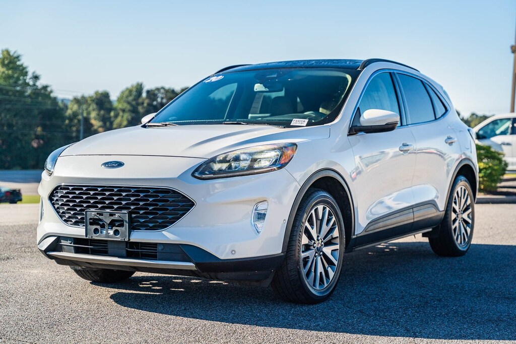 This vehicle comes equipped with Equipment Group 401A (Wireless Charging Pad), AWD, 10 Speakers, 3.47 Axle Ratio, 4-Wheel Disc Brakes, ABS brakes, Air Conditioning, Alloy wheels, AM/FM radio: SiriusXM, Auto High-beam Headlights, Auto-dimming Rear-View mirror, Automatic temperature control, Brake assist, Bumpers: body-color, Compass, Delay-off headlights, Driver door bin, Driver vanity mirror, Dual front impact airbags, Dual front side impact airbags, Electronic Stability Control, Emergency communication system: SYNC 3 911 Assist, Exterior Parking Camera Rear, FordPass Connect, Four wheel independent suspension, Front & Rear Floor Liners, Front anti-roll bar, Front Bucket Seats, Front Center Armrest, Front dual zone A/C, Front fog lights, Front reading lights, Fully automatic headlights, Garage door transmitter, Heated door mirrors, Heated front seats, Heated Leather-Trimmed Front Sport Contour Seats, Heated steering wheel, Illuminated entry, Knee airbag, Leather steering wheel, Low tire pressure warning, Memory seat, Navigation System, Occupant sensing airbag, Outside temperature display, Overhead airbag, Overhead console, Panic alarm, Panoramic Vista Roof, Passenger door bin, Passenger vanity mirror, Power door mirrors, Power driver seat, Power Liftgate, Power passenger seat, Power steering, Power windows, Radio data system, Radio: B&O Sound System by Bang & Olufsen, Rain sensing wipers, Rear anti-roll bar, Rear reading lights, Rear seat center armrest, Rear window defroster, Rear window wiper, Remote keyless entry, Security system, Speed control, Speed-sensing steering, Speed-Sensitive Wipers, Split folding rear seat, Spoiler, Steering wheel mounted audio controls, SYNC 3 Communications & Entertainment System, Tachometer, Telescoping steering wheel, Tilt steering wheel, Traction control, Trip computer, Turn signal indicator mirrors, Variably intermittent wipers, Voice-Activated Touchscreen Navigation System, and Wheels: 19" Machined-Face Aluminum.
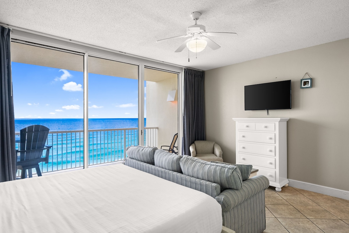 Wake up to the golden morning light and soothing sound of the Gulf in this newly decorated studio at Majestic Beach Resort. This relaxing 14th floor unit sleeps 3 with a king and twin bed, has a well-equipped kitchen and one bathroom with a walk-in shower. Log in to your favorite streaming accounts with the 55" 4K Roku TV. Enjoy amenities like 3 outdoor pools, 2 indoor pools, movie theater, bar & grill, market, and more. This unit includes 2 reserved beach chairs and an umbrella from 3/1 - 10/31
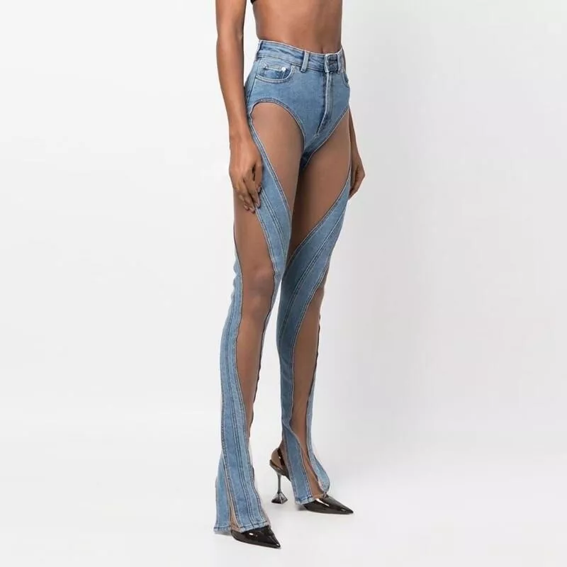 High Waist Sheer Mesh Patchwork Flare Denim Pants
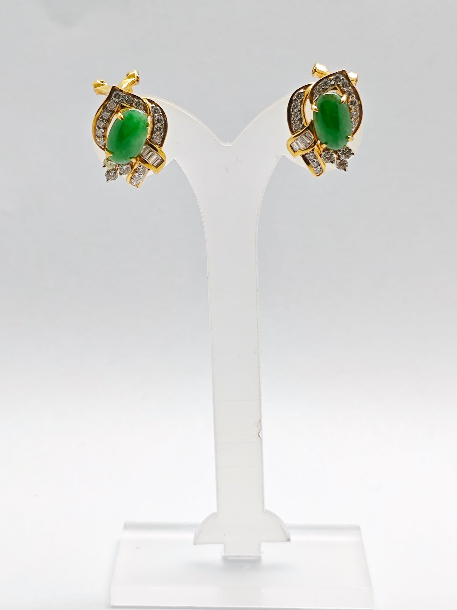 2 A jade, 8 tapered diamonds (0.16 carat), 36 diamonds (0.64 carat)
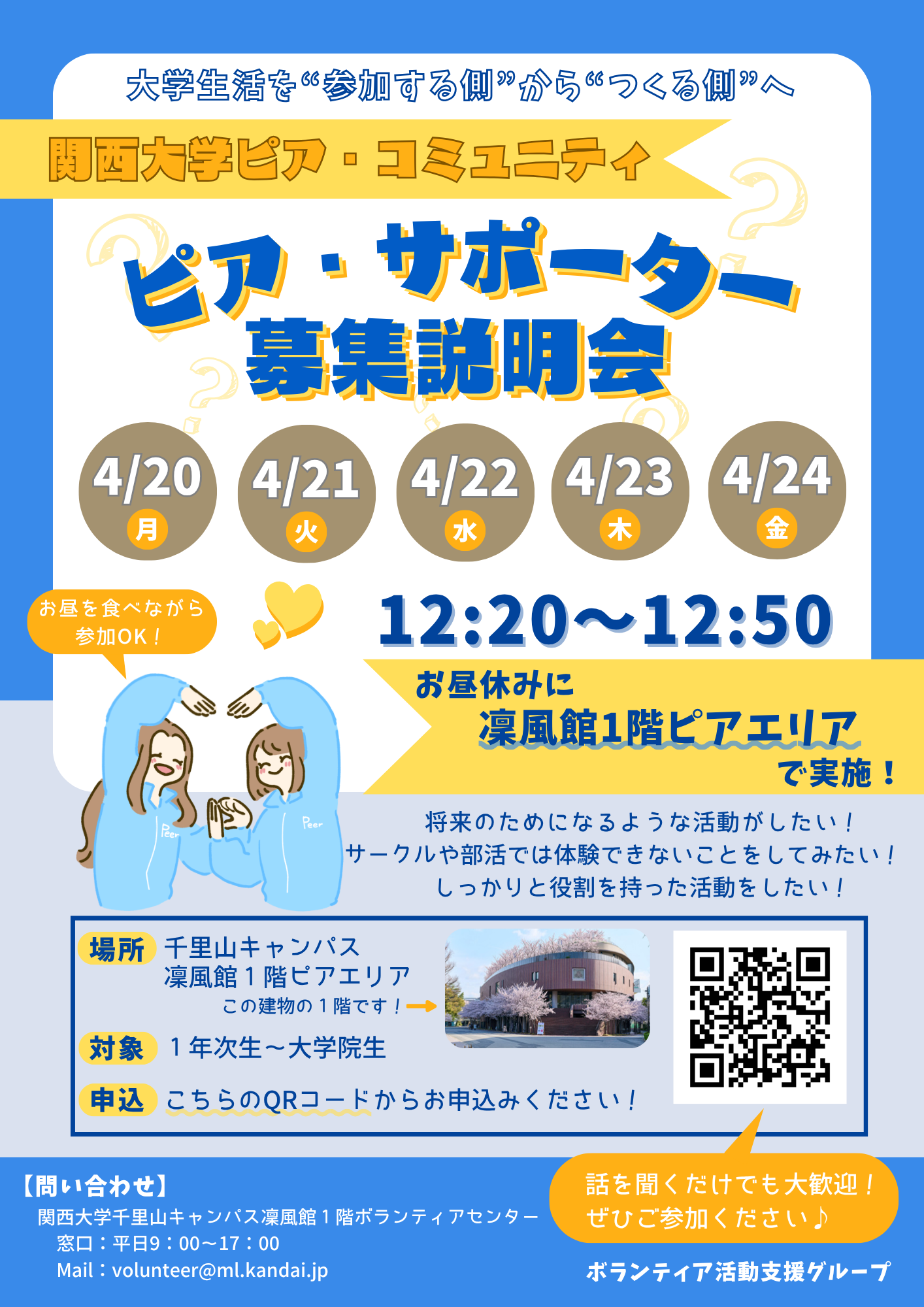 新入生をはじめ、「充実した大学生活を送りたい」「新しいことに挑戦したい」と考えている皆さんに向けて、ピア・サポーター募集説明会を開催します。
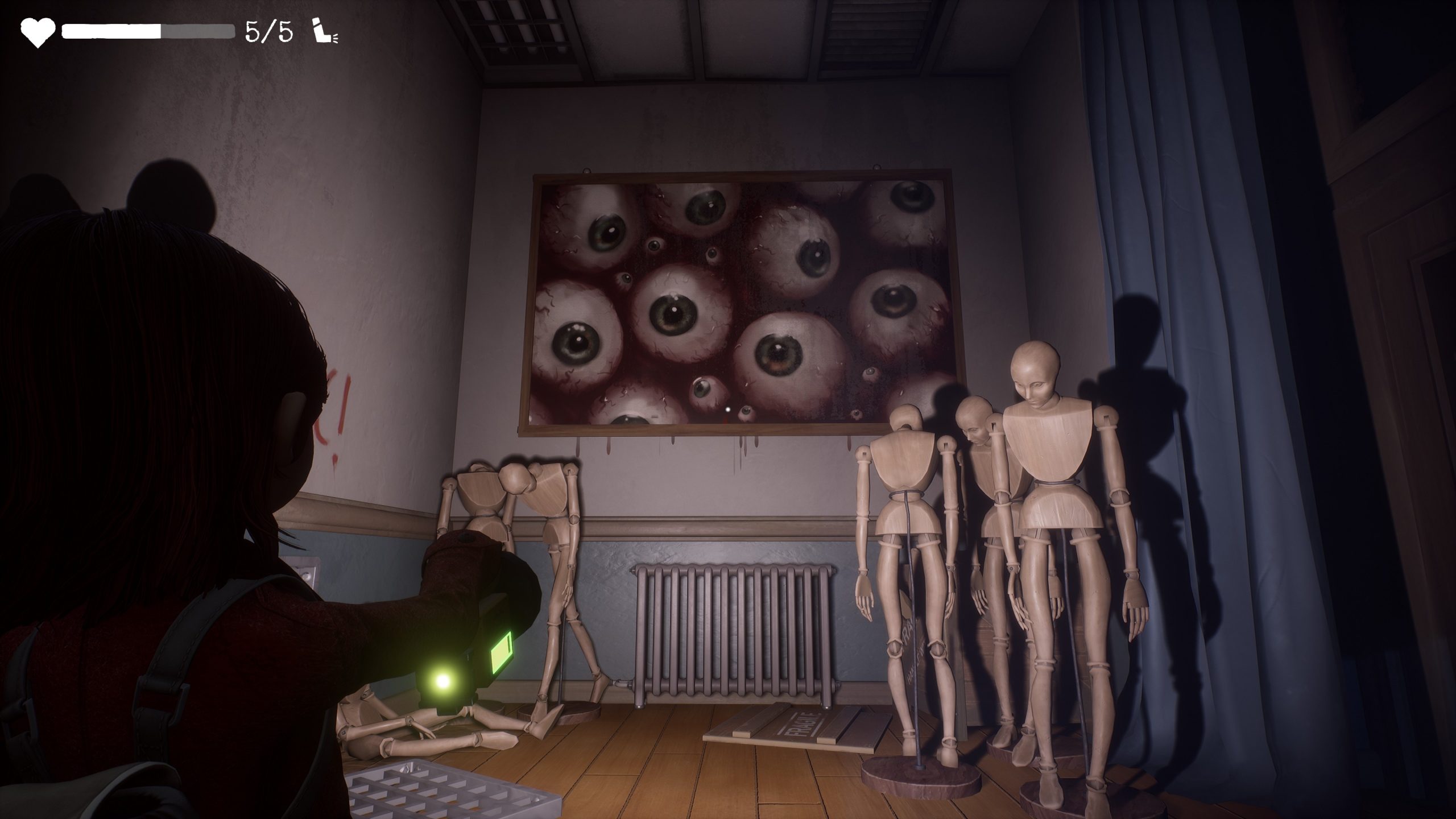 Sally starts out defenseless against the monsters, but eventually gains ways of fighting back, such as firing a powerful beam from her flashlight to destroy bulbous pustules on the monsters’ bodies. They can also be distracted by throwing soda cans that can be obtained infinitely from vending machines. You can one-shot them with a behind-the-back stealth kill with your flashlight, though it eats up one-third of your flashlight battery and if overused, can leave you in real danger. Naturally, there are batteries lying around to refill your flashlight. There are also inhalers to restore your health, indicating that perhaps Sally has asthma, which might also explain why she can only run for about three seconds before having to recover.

» Problem to solve
Return the listing above word for word. Keep the images out.

» Response to the task
 This vehicle comes equipped with Equipment Group 401A (Wireless Charging Pad), AWD, 10 Speakers, 3.47 Axle Ratio, 4-Wheel Disc Brakes, ABS brakes, Air Conditioning, Alloy wheels, AM/FM radio: SiriusXM, Auto High-beam Headlights, Auto-dimming Rear-View mirror, Automatic temperature control, Brake assist, Bumpers: body-color, Compass, Delay-off headlights, Driver door bin, Driver vanity mirror, Dual front impact airbags, Dual front side impact airbags, Electronic Stability Control, Emergency communication system: SYNC 3 911 Assist, Exterior Parking Camera Rear, FordPass Connect, Four wheel independent suspension, Front & Rear Floor Liners, Front anti-roll bar, Front Bucket Seats, Front Center Armrest, Front dual zone A/C, Front fog lights, Front reading lights, Fully automatic headlights, Garage door transmitter, Heated door mirrors, Heated front seats, Heated Leather-Trimmed Front Sport Contour Seats, Heated steering wheel, Illuminated entry, Knee airbag, Leather steering wheel, Low tire pressure warning, Memory seat, Navigation System, Occupant sensing airbag, Outside temperature display, Overhead airbag, Overhead console, Panic alarm, Panoramic Vista Roof, Passenger door bin, Passenger vanity mirror, Power door mirrors, Power driver seat, Power Liftgate, Power passenger seat, Power steering, Power windows, Radio data system, Radio: B&O Sound System by Bang & Olufsen, Rain sensing wipers, Rear anti-roll bar, Rear reading lights, Rear seat center armrest, Rear window defroster, Rear window wiper, Remote keyless entry, Security system, Speed control, Speed-sensing steering, Speed-Sensitive Wipers, Split folding rear seat, Spoiler, Steering wheel mounted audio controls, SYNC 3 Communications & Entertainment System, Tachometer, Telescoping steering wheel, Tilt steering wheel, Traction control, Trip computer, Turn signal indicator mirrors, Variably intermittent wipers, Voice-Activated Touchscreen Navigation System, and Wheels: 19" Machined-Face Aluminum.
 Wake up to the golden morning light and soothing sound of the Gulf in this newly decorated studio at Majestic Beach Resort. This relaxing 14th floor unit sleeps 3 with a king and twin bed, has a well-equipped kitchen and one bathroom with a walk-in shower. Log in to your favorite streaming accounts with the 55" 4K Roku TV. Enjoy amenities like 3 outdoor pools, 2 indoor pools, movie theater, bar & grill, market, and more. This unit includes 2 reserved beach chairs and an umbrella from 3/1 - 10/31
 High Waist Sheer Mesh Patchwork Flare Denim Pants
 2 A jade, 8 tapered diamonds (0.16 carat), 36 diamonds (0.64 carat)
 新入生をはじめ、「充実した大学生活を送りたい」「新しいことに挑戦したい」と考えている皆さんに向けて、ピア・サポーター募集説明会を開催します。
 Sally starts out defenseless against the monsters, but eventually gains ways of fighting back, such as firing a powerful beam from her flashlight to destroy bulbous pustules on the monsters’ bodies. They can also be distracted by throwing soda cans that can be obtained infinitely from vending machines. You can one-shot them with a behind-the-back stealth kill with your flashlight, though it eats up one-third of your flashlight battery and if overused, can leave you in real danger. Naturally, there are batteries lying around to refill your flashlight. There are also inhalers to restore your health, indicating that perhaps Sally has asthma, which might also explain why she can only run for about three seconds before having to recover.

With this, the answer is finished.